Imagine se existisse uma fraude 50 vezes superior à de Madoff, com cerca de US$ 2,5 trilhões em perdas. Além do montante expressivo, idealize uma periodicidade mensal para tal prejuízo. Do impossível para a realidade subliminar, esse é o provável montante que os traders e bancos roubam da renda real do mundo através do petróleo.

Em artigo publicado no website Seeking Alpha, Philip Davis desnuda a possibilidade da maior fraude existente na história, ao revelar como aproximadamente 99% dos negócios nos mercados futuros de petróleo não passam de meras especulações, em um esquema envolvendo bancos, petrolíferas e até a própria imprensa.

Fantasma de mão dupla

“US$ 2,5 trilhões é menos do que o preço excedente que a população é manipulada todo mês para pagar por um barril de petróleo”, afirma Davis, ao ressaltar que tais roubos ocorrem na ICE (Intercontinental Exchange).

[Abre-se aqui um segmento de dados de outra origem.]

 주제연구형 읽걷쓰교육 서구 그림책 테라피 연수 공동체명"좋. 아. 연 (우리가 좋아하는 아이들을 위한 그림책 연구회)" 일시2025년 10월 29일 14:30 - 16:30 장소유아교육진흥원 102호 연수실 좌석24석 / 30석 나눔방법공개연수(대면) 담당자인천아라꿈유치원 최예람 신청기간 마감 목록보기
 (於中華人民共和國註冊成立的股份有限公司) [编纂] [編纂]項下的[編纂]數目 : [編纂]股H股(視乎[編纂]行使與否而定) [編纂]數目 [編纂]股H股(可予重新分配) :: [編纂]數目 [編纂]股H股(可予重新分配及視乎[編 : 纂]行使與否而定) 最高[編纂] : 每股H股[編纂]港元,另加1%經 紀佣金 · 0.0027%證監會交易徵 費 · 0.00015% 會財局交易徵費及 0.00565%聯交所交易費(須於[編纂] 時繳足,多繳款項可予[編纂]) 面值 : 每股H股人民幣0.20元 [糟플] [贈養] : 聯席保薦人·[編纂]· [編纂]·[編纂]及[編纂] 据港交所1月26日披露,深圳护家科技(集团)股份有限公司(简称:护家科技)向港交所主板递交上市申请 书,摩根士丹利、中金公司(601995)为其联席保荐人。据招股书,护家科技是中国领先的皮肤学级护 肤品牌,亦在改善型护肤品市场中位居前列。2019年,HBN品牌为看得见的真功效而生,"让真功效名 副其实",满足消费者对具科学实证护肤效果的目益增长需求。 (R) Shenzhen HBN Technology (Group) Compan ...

Criada em 2001, a ICE possui como fundadoras as petrolíferas BP (British Petroleum), Royal Dutch Shell e Total, além dos bancos Morgan Stanley, Goldman Sachs, Deutsche Bank e Société Générale. A bolsa é sediada em Altanta, nos EUA, mas a regulação norte-americana passa longe das negociações.

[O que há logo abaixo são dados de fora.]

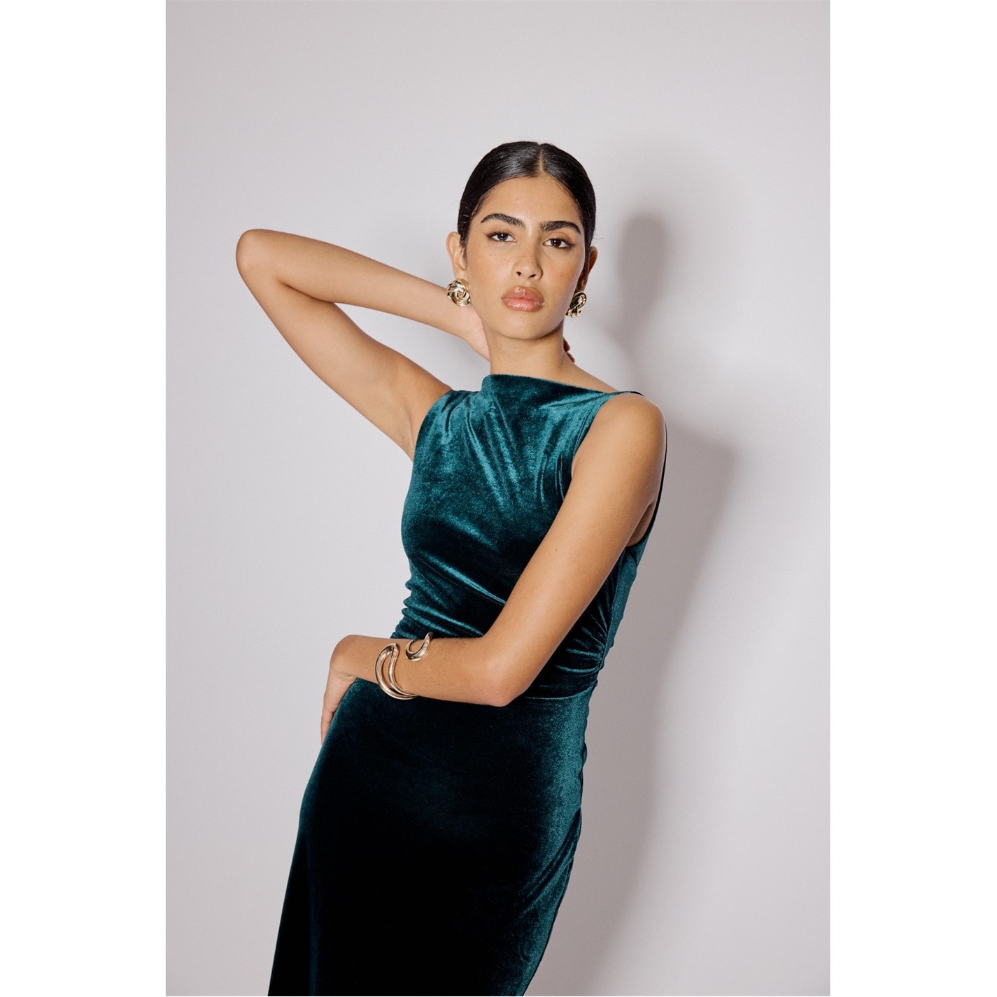 - Boat neckline with side ruching

Tamanha falta de regulação gera as chamadas dark pools of liquidity, ATS (Alternative Trading Systems) usados por traders que procuram movimentar grandes quantias sem revelar as operações no mercado aberto. Como decorrência, a especulação toma forma, e explica como o barril de petróleo saltou de US$ 40,00 para US$ 80,00 somente este ano, em meio à fraca demanda física pela commodity.

Á procura da verdade, Davis mostra que investigação do Congresso dos EUA datada de 2003 descobriu como a ICE é usada para facilitar negociações “round trip” (viagens de ida e de volta), nas quais uma firma “A” vende energia para uma empresa “B”, que vende novamente o mesmo montante de volta para a firma “A”: o resultado real é nulo, mas o sinal ascendente para os preços do petróleo não.

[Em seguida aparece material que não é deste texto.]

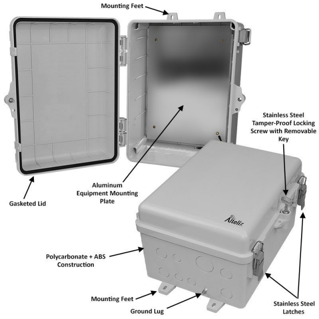 The Altelix NP120907P NEMA 4X enclosure is ideal for protecting devices from harsh environments and tampering. With the generous size of this enclosure the NP120907P can accommodate a wide range of equipment.

Preços disparam e ignoram demanda real

Na época em que a DMS Energy foi investigada pelo governo norte-americano, a empresa de energia assumiu que nada menos de 80% das negociações em 2001 eram fantasmas. Em movimento semelhante, a Duke Energy revelou que negociou US$ 1,1 bilhão através das round trips, sendo dois terços comercializados na ICE.

“Você pode enxergar o dano causado pelo Goldman Sachs e por sua gangue de ladrões quando olhar a diferença de preços antes da criação da ICE e depois da criação da ICE”, afirma Davis, ao ressaltar que, em apenas cinco anos após a criação (de 2001 a 2006), os preços das commodities triplicou – contraparte impossível na demanda.

Para Chris Cook, ex-diretor da International Petroleum Exchange, os laços entre bancos e petrolíferas são bem mais antigos do que se pensa. “Parece-me claro que o Goldman Sachs e a BP vêm trabalhando em cooperação – ao menos em um nível estratégico – por pelo menos 15 anos”, diz Cook.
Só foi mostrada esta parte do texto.